On the other hand, the high-level output as in FIG. 2 (H) of the counting counter IC ₅ , which is a dehydration imbalance detection output, is divided by a resistor R ₁₁ (R ₁₂ ) and applied to the gate of the PUT (PUT ₂ ) and put into the PUT. To the anode of (PUT ₂ ), a potential charged with a time constant of an integrated circuit consisting of a resistor (R ₁₃ ) and a capacitor (C ₁ ) is applied as in (I) of FIG. 2, and this potential is applied to PUT (PUT ₂ ).

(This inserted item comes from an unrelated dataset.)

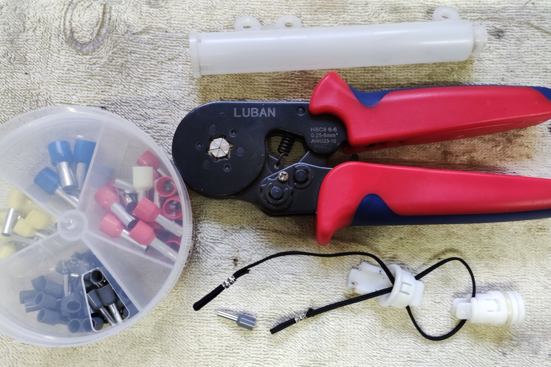 Нитка порвалась внутри белого цилиндра. Ищем подходящую крепкую. Я вытащил с форменной фуражки)). Кстати первый раз вижу, чтобы в фуражку встраивали нитки для утяжки под размер головы. Мне она все равно мешалась)). По структуре прям один в один с оригинальной, но только чуть толще. Чтобы сделать петельки как на родной, использовал обжимку для проводов и наконечник на 4 кв.мм.

When the gate voltage than the PUT (PUT ₂₎ of the anode voltage ratio 0.7V higher the voltage charged in the capacitor (C ₂₎ is output to the cathode of the PUT (PUT ₂₎ as a second-degree (J) the transistor (Q ₁₎ Repeated conduction is conducted so that the buzzer (4) will tell you that the dehydration imbalance.

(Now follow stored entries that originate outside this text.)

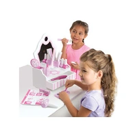 Add glamour and style to playtime with these wooden beauty essentials for make-believe makeovers! The 18-piece set includes a sturdy white and pink vanity with mirror and storage drawer. The wooden pieces include a hair dryer, hair spray, hair straightener, flip-top lotion bottle, lipstick, two nail polish bottles, blush, makeup brush, eye shadow and applicator, comb, and brush. A reusable spa services card lets kids three and older get the full salon experience by customising makeovers for themselves, friends, stuffed animals, and dolls!
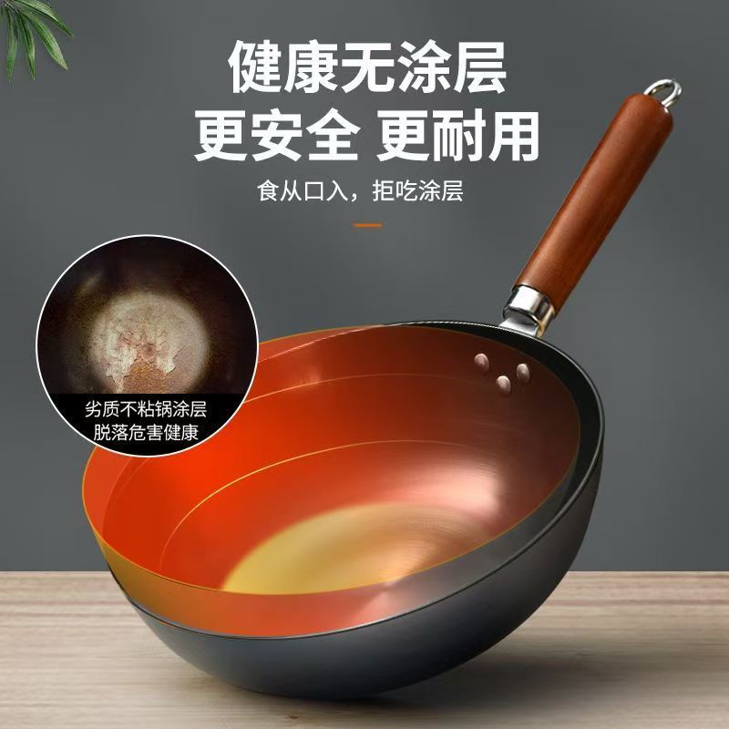 Главная страница > Чугунная сковорода-вок Zhangqiu, большая, для домашнего использования, традиционная, без покрытия, антипригарная, нитрированная, не требующая предварительной обработки.
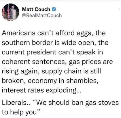 (6). Writing at the Weekend Jolt, Judson Berger offers the prescient warning we haven’t heard the last of the stove banners., which his NRO colleague Jack Crowe described as a “a gun grab for people who like to cook.” Here’s the kicker: The banners have no plan WHATSOEVER how to generate the electricity to power the electric appliances which will replace those powered by the cleanest burning, most plentiful fuel on the planet. As this meme forwarded by Hickey points out:

As described above, the present invention detects dehydration imbalance during dehydration of a washing machine by using a sensor resistor (Ro) and a permanent magnet so that contactlessness of dehydration imbalance detection is eliminated, electrical noise is eliminated, and mechanical contact is generated during long-term use. There is an effect that can solve the problems.

Claims (1)

As a dehydration output signal of the programmer 1, the PUT ₁ connected to the resistor R ₁₇ and the capacitor C ₂ is operated, and the output of the PUT ₁ is counted by the counter IC ₄ to detect the completion of drainage. The dehydration signal detection unit 5 and the output of the dehydration signal detection unit 5 control the driving of the 3-state buffer IC ₁ to reference the output of the sensor resistance Ro as the variable resistor VR ₁ . The sensor amplifier 6 amplifies the voltage from the differential amplifier OP ₁ with the voltage set, and compares the output of the sensor amplifier 6 with the reference voltage set by the variable resistor VR ₂ with the comparator OP ₂ . A counter IC ₅ for counting the output of the sensor voltage comparator 7, the output of the sensor voltage comparator 7, and outputting a dehydration imbalance signal; and a resistor R _{18 at} the output of the counter IC ₅ . and a capacitor (C ₁₎ that drives the PUT (PUT ₂₎ connected dehydration imbalance output unit 9 for controlling the driving of the buzzer 4, for the counter (IC ₄₎ (IC ₅₎ Sieve device crew Iowa gate (IC ₃₎ dehydration of a washing machine consisting of a motor controller 8 to control the driving of the motor (M) the output of the tank circuit is applied to the control force.